Open Access

ARTICLE

A Cooperative Hybrid Learning Framework for Automated Dandruff Severity Grading

Sin-Ye Jhong¹, Hui-Che Hsu^1,2, Hsin-Hua Huang², Chih-Hsien Hsia^3,4,*, Yulius Harjoseputro^2,5, Yung-Yao Chen^2,*

1 Graduate Institute of Intelligent Manufacturing Technology, National Taiwan University of Science and Technology, Taipei, 106335, Taiwan
2 Department of Electronic and Computer Engineering, National Taiwan University of Science and Technology, Taipei, 106335, Taiwan
3 Department of Computer Science and Information Engineering, National Ilan University, Yilan, 26047, Taiwan
4 Office of Research and Industry-Academia Development, Chaoyang University of Technology, Taichung City, 413310, Taiwan
5 Department Informatics, Universitas Atma Jaya Yogyakarta, Yogyakarta, 55281, Indonesia

* Corresponding Authors: Chih-Hsien Hsia. Email: ; Yung-Yao Chen. Email:

Computers, Materials & Continua 2026, 87(1), 95 https://doi.org/10.32604/cmc.2026.072633

Received 31 August 2025; Accepted 04 January 2026; Issue published 10 February 2026

Abstract

Automated grading of dandruff severity is a clinically significant but challenging task due to the inherent ordinal nature of severity levels and the high prevalence of label noise from subjective expert annotations. Standard classification methods fail to address these dual challenges, limiting their real-world performance.
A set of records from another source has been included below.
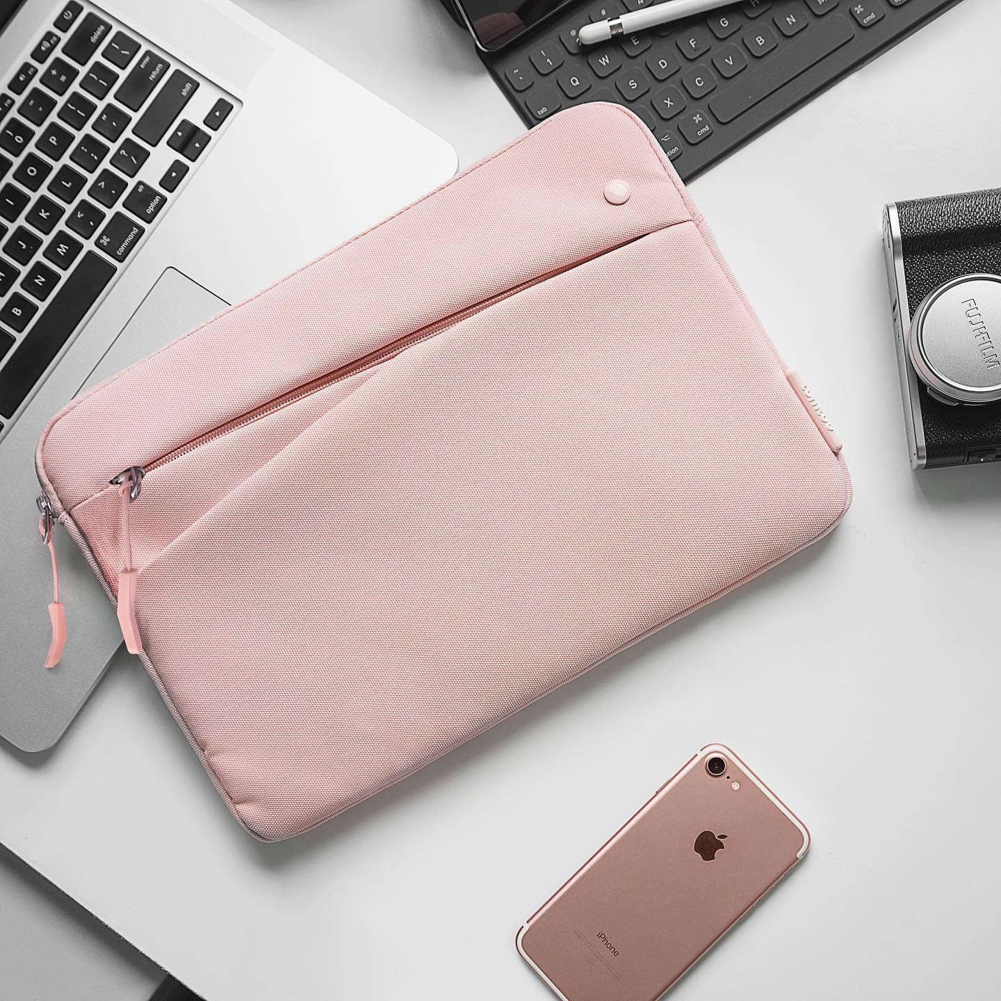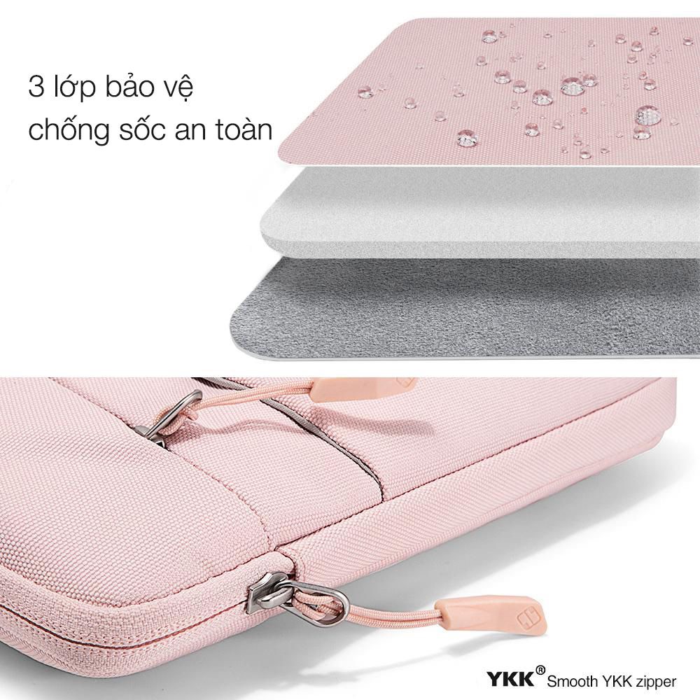 Sử dụng chất liệu chống va đập bên ngoài bằng Polyester kháng nước với lớp lót lông cừu mềm giúp bảo vệ hoàn toàn chống va đập và trầy xước cho máy tính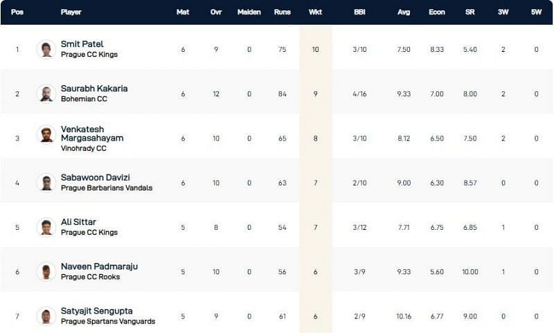 Smit Patel of the Prague CC Kings, with ten scalps to his credit, has emerged as the highest wicket-taker after Day 7 of the Prague T10 League 2021. He has a best spell of 3/10 and has an acceptable economy of 8.33.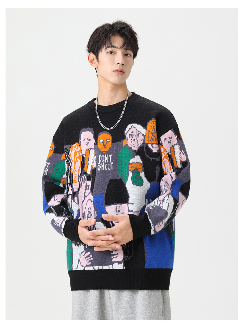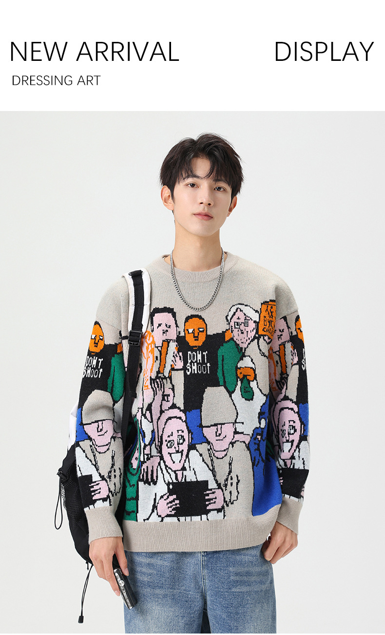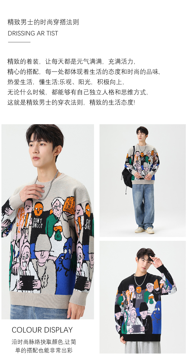 아마존 해외 무역 도매 2025 가을 패션 라운드넥 니트 스웨터 남성용스토어 가기
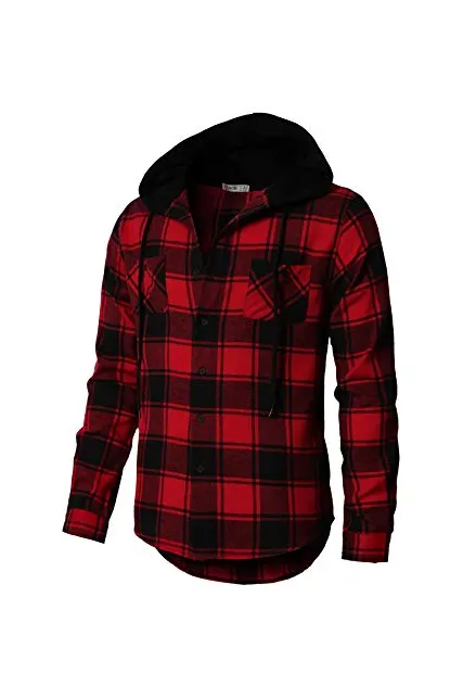100% Polyester Button closure Designed by Korea Style No. #CMOJA0105 Features 2 Front Chest Pockets, Detachable Drawstring Hood, Long Sleeves, Basic Collar, Button Down Front, High-Low Hemline. And Color contrast in plaid check and solid woven which makes you look more casual and cooler. Please refer to our image for the size wise. / The color could be slightly different between on the screen and in practice. Machine Wash with low heat dry / Hand Wash Recommended

In this paper, a novel, three-phase training framework is proposed that learns a robust ordinal classifier directly from noisy labels. The approach synergistically combines a rank-based ordinal regression backbone with a cooperative, semi-supervised learning strategy to dynamically partition the data into clean and noisy subsets. A hybrid training objective is then employed, applying a supervised ordinal loss to the clean set. The noisy set is simultaneously trained using a dual-objective that combines a semi-supervised ordinal loss with a parallel, label-agnostic contrastive loss. This design allows the model to learn from the entire noisy subset while using contrastive learning to mitigate the risk of error propagation from potentially corrupt supervision. Extensive experiments on a new, large-scale, multi-site clinical dataset validate our approach. The method achieves state-of-the-art performance with 80.71% accuracy and a 76.86% F1-score, significantly outperforming existing approaches, including a 2.26% improvement over the strongest baseline method. This work provides not only a robust solution for a practical medical imaging problem but also a generalizable framework for other tasks plagued by noisy ordinal labels.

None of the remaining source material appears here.